Image shows an alzheimer's brain slice.
This work is part of the Harvard Aging Brain Study (HABS), an MGH-based effort to identify markers that predict who is likely to develop Alzheimer’s disease and when symptoms may appear. Image for illustrative purposes.

The analysis used baseline data from the first 280 participants enrolled in the Harvard Aging Brain Study (HABS). All participants were community-dwelling, cognitively normal men and women aged 62 to 90 and in generally good health. Enrollment assessments included medical history, physical examination, APOE genotyping, and PET imaging with Pittsburgh compound B (PiB) to visualize cortical amyloid plaque burden.

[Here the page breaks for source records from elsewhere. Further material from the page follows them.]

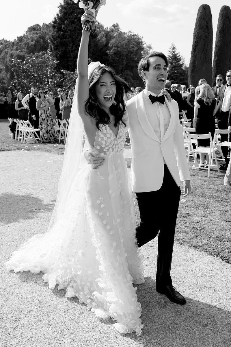 Pastoral Style A Line V Neck Tulle Long Wedding Dresses Gown with 3D Appliques HS988
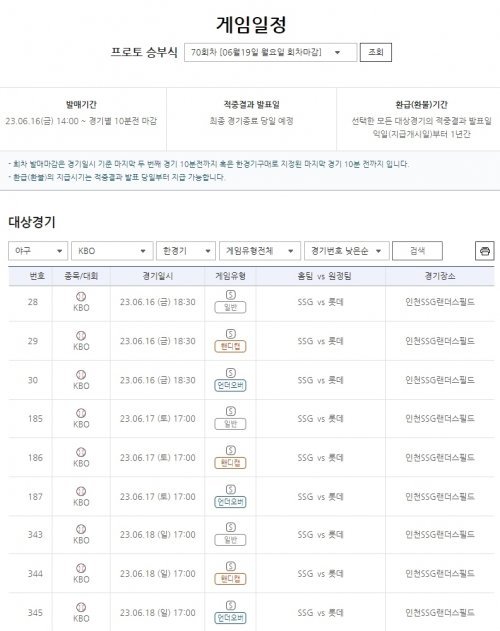 프로토 승부식 70회차 중 SSG(홈)-롯데(원정)전을 대상으로 하는 ‘한경기구매’ 게임은 16일 오후 2시부터 참여가 가능하다. 먼저 16일 오후 6시30분 열리는 경기를 대상으로 하는 게임은 ▲28번(일반) ▲29번(핸디캡) ▲30번(언더오버)으로 참여가 가능하다.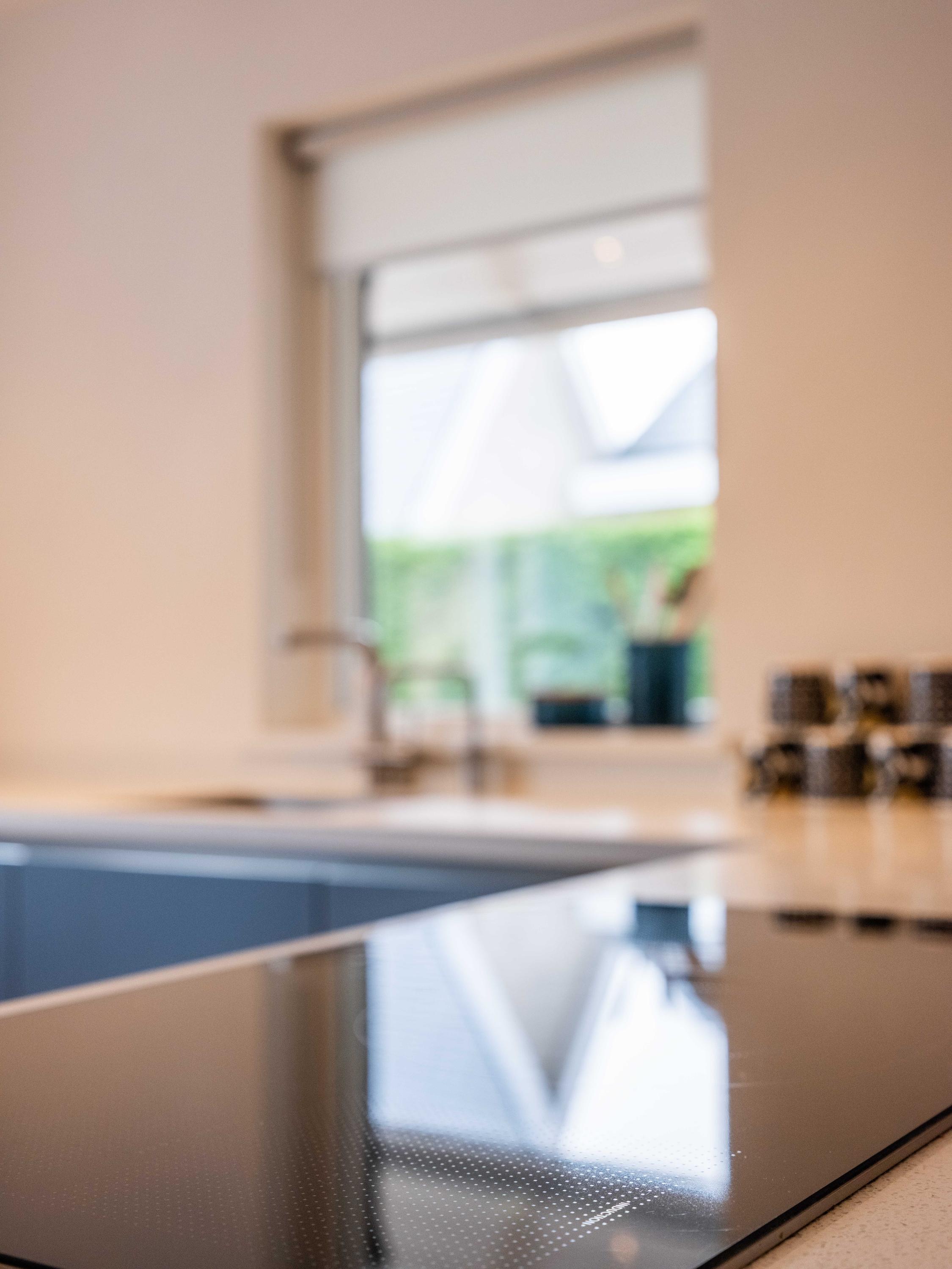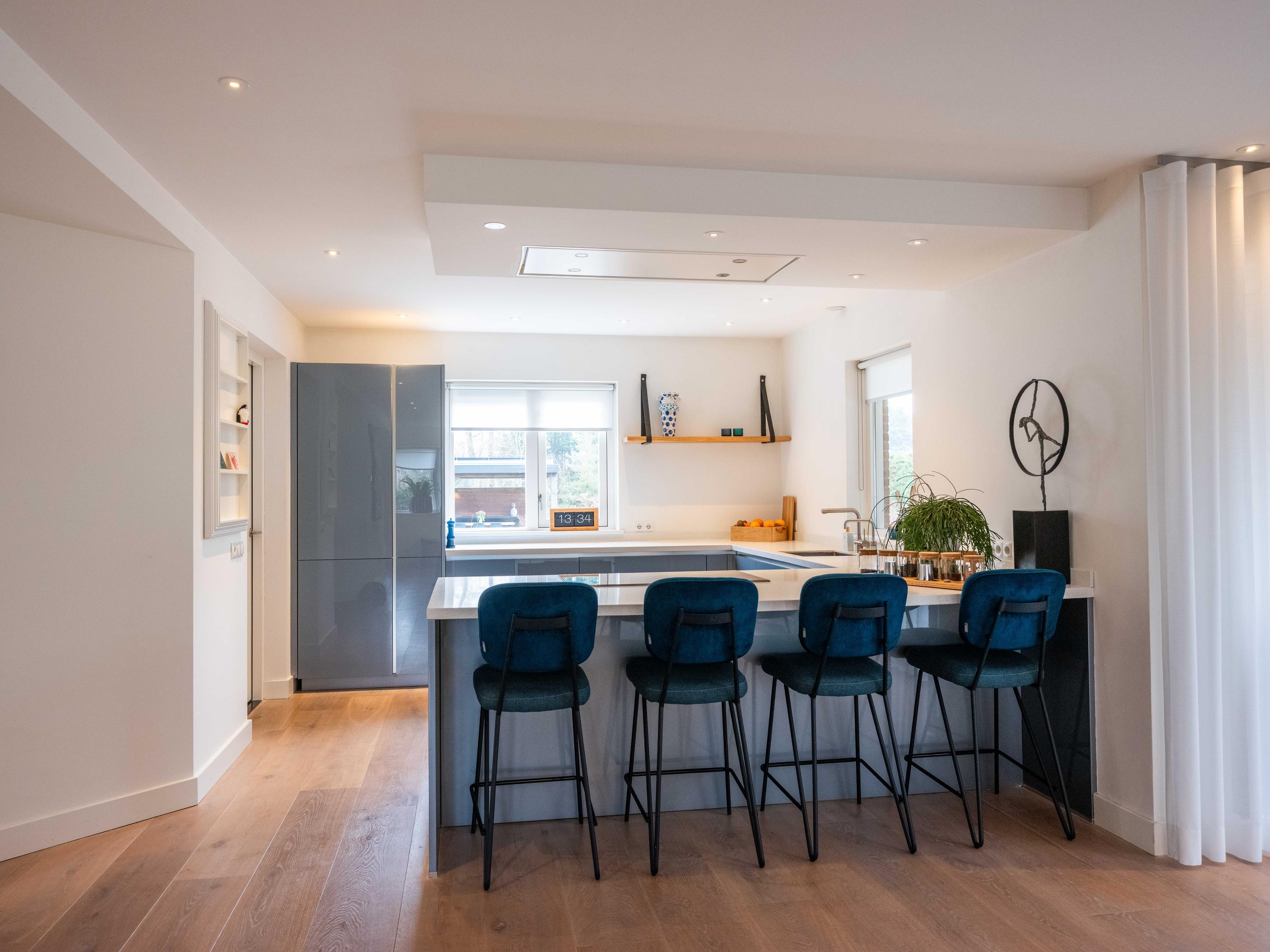 The open kitchen is attractively decorated and equipped with a cosy bar with seating. From the kitchen, you can enjoy a beautiful view of the garden and there is a direct connection to the living room. Thanks to the open layout and abundant light, everything feels spacious, fresh and inviting.

After adjusting for age, sex, education and APOE4 carrier status, the researchers found a statistically significant relationship between lower BMI and greater PiB retention, indicating higher amyloid burden. The effect was most apparent among participants with a normal BMI (the group with the lowest average BMI in the cohort). Secondary analyses showed that the association between lower BMI and higher amyloid was particularly pronounced in APOE4 carriers, and a significant interaction between BMI and APOE4 status suggested that genetic risk modifies the BMI–amyloid relationship.

One plausible explanation proposed by the authors is that low BMI late in life may be a marker for frailty—a clinical syndrome that includes unintentional weight loss, slowed movement, and loss of strength—and frailty has been linked to higher dementia risk. The team emphasizes that cross-sectional findings cannot establish causation. To better understand directionality and mechanism, HABS will follow participants over time to determine whether lower baseline BMI predicts cognitive decline or progression toward symptomatic Alzheimer’s, and whether changes in weight influence outcomes.

The study’s lead author is David C. Hsu, MD, formerly of MGH and BWH and now at Mercy Medical Group in Sacramento, California. Other co-authors include investigators from the Harvard Aging Brain Study and the Massachusetts Alzheimer’s Disease Research Center. Funding for this research came from NIH/NIA grants supporting HABS and related projects, as well as K- and P-series awards and institutional Alzheimer’s research center support.

About the study

Study design: Cross-sectional analysis of 280 cognitively normal older adults (ages 62–90) from the Harvard Aging Brain Study. Measures included BMI, medical history, APOE4 genotyping, and PiB-PET imaging for cortical amyloid.

Main findings: Lower BMI in late life was associated with higher cortical amyloid burden (greater PiB retention) after accounting for age, sex, education, and APOE4 status. The association was most evident in participants with normal BMI and in APOE4 carriers. A significant BMI×APOE4 interaction indicates genetic risk may amplify the relationship between low BMI and amyloid deposition.

Implications: These results add to evidence that weight loss or low body mass in older adults can be associated with biological markers of Alzheimer’s disease. Longitudinal follow-up is needed to determine whether lower BMI precedes cognitive decline and to explore mechanisms—such as frailty, metabolic changes, or other biological processes—that could link body composition and amyloid accumulation.

Funding and publication

This research was supported by the Harvard Aging Brain Study (NIH/NIA grants P01 AG036694, R01 AG037497, R01 AG046396), K23 AG033634, K24 AG035007, and the Massachusetts Alzheimer’s Disease Research Center (P50 AG005134). The full report, “Lower Late-Life Body-Mass Index is Associated with Higher Cortical Amyloid Burden in Clinically Normal Elderly,” was published online in the Journal of Alzheimer’s Disease (June 18, 2016).

For clinicians, researchers and older adults, these findings underscore the importance of monitoring weight and general health in late life as potential indicators of brain health. Ongoing HABS follow-up will help clarify whether interventions to maintain or increase BMI in late life influence amyloid accumulation or clinical outcomes.